Items from a data source:
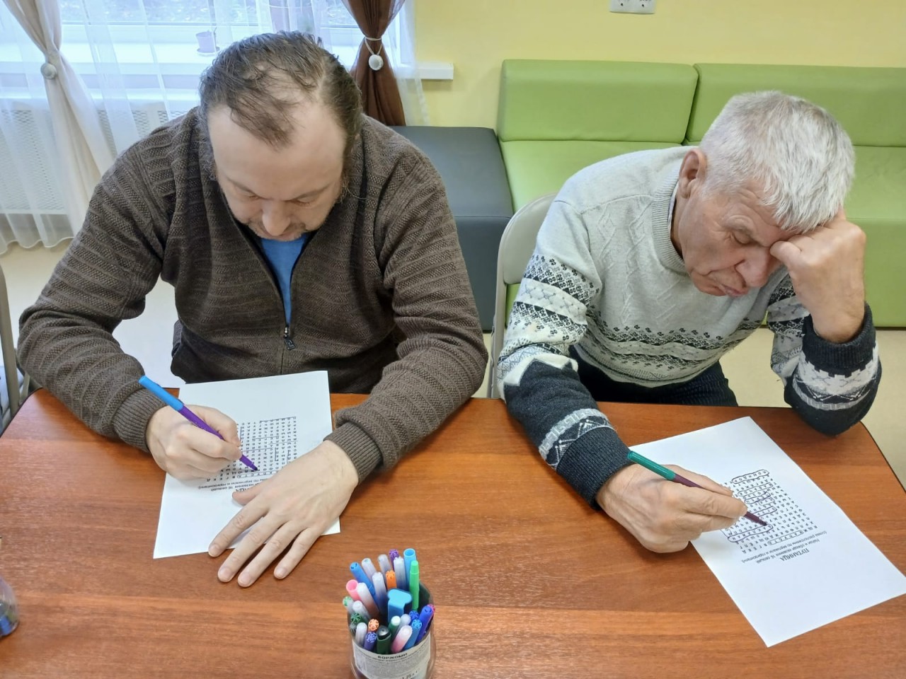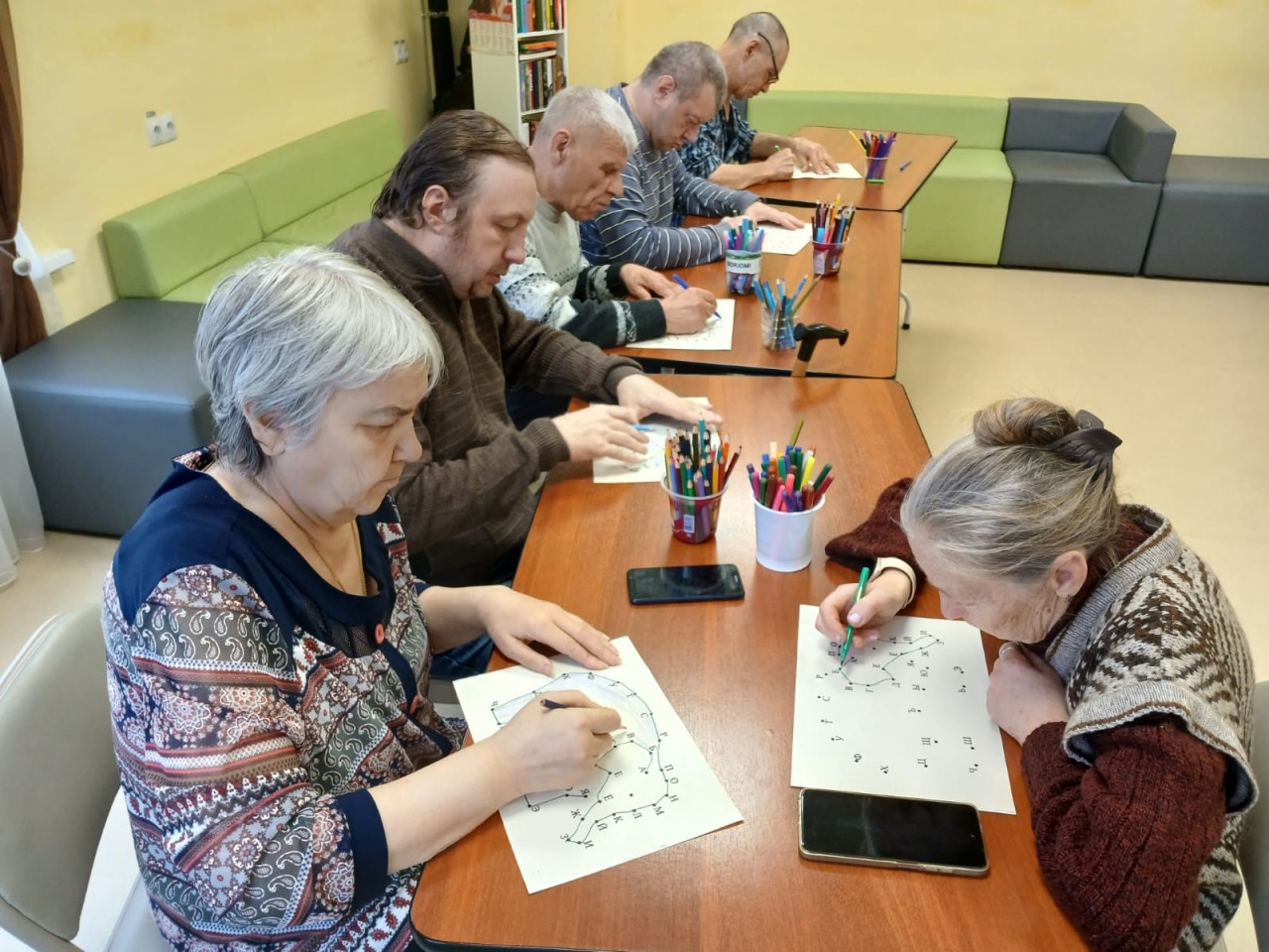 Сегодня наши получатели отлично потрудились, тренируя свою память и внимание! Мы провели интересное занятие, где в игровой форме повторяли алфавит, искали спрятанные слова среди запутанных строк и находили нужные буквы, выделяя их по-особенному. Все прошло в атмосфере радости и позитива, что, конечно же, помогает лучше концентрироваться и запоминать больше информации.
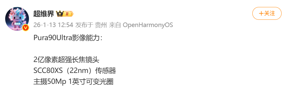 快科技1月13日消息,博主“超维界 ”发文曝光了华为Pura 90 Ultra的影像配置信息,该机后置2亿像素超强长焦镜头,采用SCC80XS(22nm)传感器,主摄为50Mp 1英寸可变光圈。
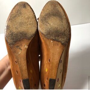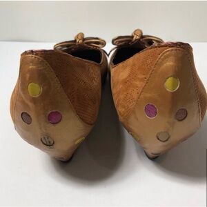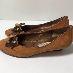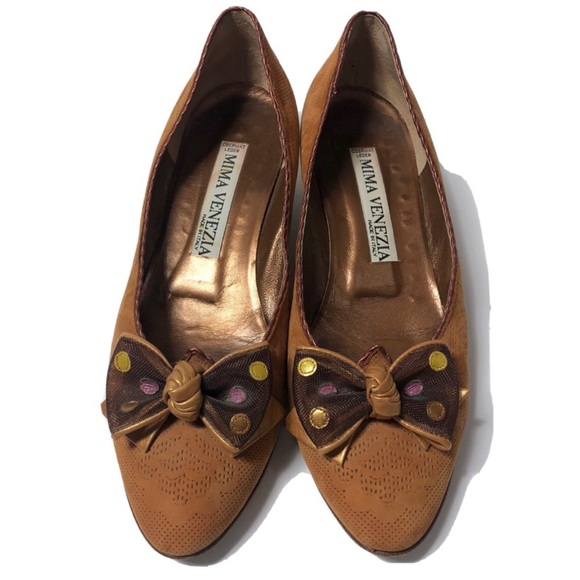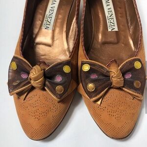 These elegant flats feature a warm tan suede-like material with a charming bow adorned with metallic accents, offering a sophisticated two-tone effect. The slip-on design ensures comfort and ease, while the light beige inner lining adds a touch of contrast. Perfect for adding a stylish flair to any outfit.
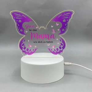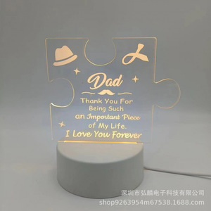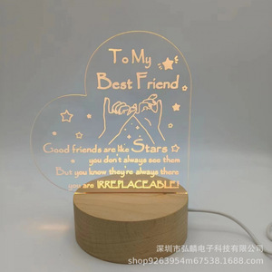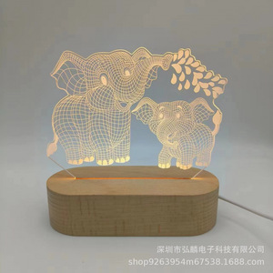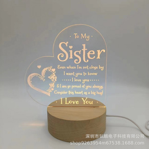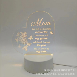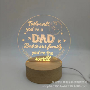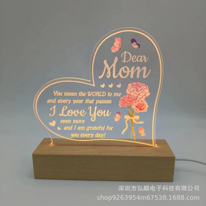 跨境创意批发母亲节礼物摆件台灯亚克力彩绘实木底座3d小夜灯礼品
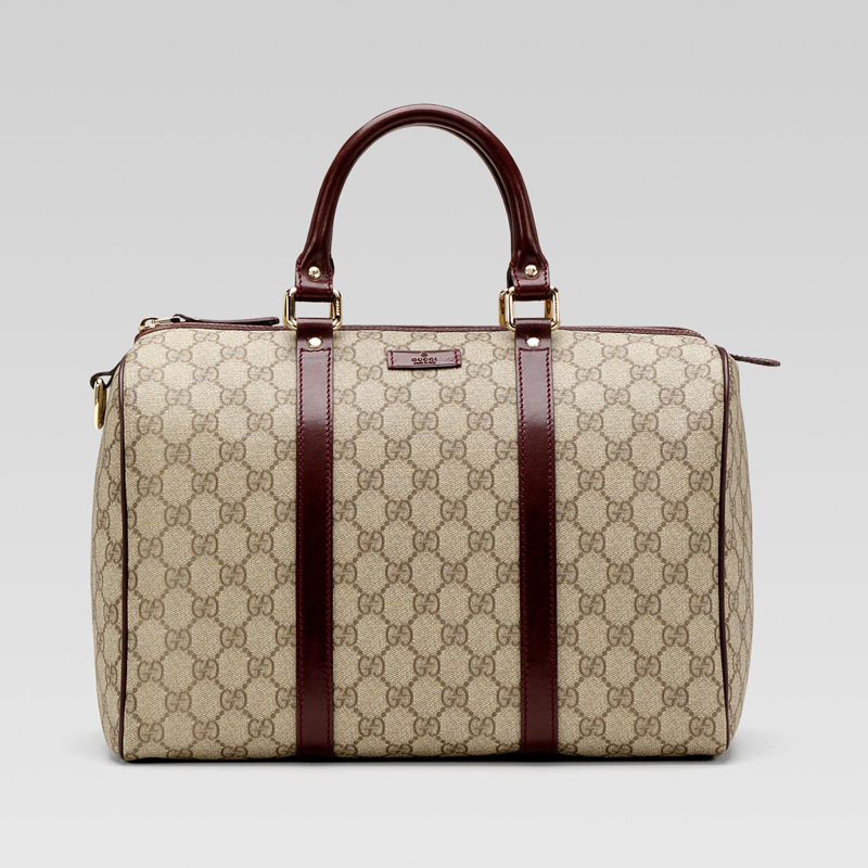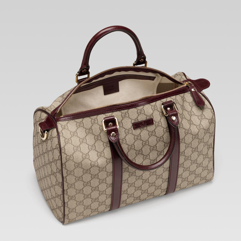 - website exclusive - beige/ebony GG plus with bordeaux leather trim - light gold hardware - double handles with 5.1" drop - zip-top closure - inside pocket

* * *

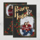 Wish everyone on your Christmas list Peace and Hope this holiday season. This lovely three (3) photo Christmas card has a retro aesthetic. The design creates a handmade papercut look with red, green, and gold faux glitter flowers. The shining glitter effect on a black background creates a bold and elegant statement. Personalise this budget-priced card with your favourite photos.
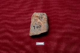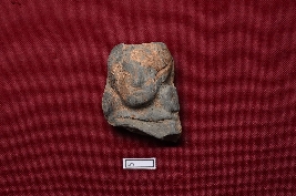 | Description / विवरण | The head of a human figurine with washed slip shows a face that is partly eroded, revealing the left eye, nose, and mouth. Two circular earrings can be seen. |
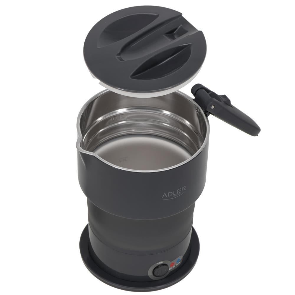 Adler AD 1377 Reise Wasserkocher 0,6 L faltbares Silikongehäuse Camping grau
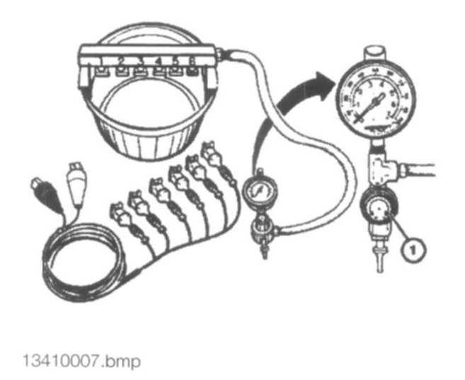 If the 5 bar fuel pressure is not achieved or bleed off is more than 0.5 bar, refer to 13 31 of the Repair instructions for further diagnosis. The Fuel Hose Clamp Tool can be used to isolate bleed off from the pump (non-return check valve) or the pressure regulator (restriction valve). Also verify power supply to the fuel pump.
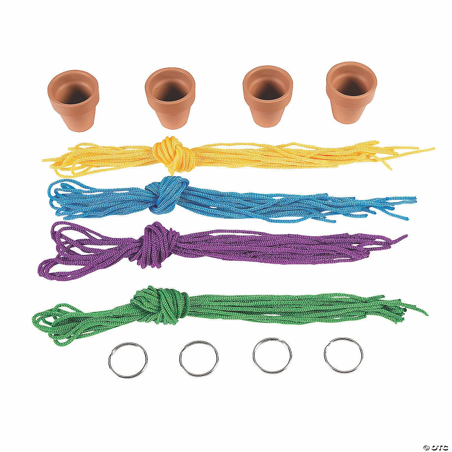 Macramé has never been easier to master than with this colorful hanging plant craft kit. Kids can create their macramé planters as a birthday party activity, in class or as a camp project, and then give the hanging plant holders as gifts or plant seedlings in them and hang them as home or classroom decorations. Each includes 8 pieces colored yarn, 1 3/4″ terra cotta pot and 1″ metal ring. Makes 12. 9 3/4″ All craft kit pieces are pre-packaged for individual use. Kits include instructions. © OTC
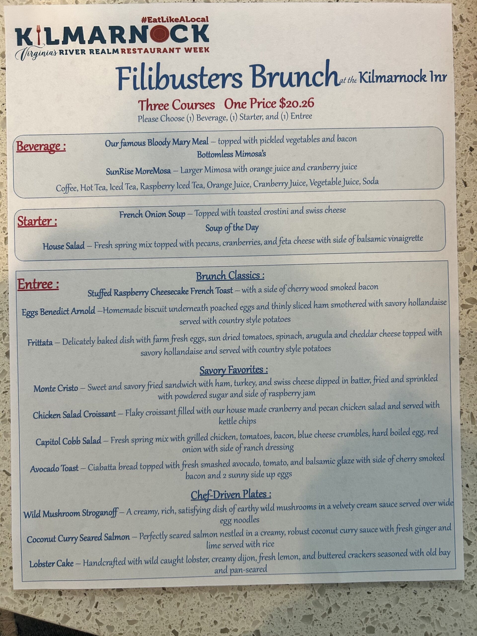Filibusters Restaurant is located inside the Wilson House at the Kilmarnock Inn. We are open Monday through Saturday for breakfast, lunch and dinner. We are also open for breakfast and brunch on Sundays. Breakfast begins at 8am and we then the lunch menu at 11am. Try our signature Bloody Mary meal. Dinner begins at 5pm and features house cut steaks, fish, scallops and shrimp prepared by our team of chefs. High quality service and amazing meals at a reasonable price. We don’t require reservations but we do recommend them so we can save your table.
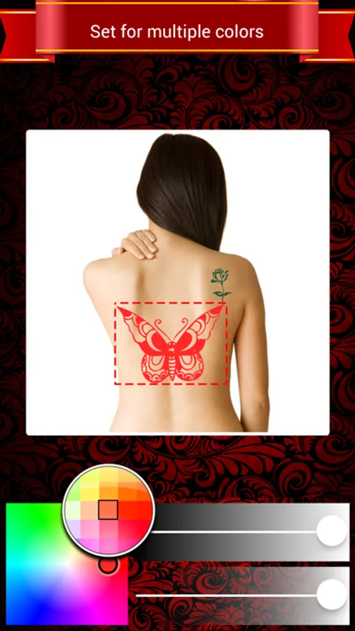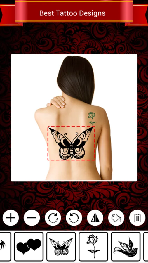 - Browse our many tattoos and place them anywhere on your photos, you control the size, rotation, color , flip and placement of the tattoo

HOW TO COMPLETE THIS TASK:
All lines above from the one containing "Сегодня наши получатели" up to and including the one containing "- website exclusive" are to be set down exactly, and nothing else. Leave images out.

RESPONSE AREA:
 Сегодня наши получатели отлично потрудились, тренируя свою память и внимание! Мы провели интересное занятие, где в игровой форме повторяли алфавит, искали спрятанные слова среди запутанных строк и находили нужные буквы, выделяя их по-особенному. Все прошло в атмосфере радости и позитива, что, конечно же, помогает лучше концентрироваться и запоминать больше информации.
 快科技1月13日消息,博主“超维界 ”发文曝光了华为Pura 90 Ultra的影像配置信息,该机后置2亿像素超强长焦镜头,采用SCC80XS(22nm)传感器,主摄为50Mp 1英寸可变光圈。
 These elegant flats feature a warm tan suede-like material with a charming bow adorned with metallic accents, offering a sophisticated two-tone effect. The slip-on design ensures comfort and ease, while the light beige inner lining adds a touch of contrast. Perfect for adding a stylish flair to any outfit.
 跨境创意批发母亲节礼物摆件台灯亚克力彩绘实木底座3d小夜灯礼品
 - website exclusive - beige/ebony GG plus with bordeaux leather trim - light gold hardware - double handles with 5.1" drop - zip-top closure - inside pocket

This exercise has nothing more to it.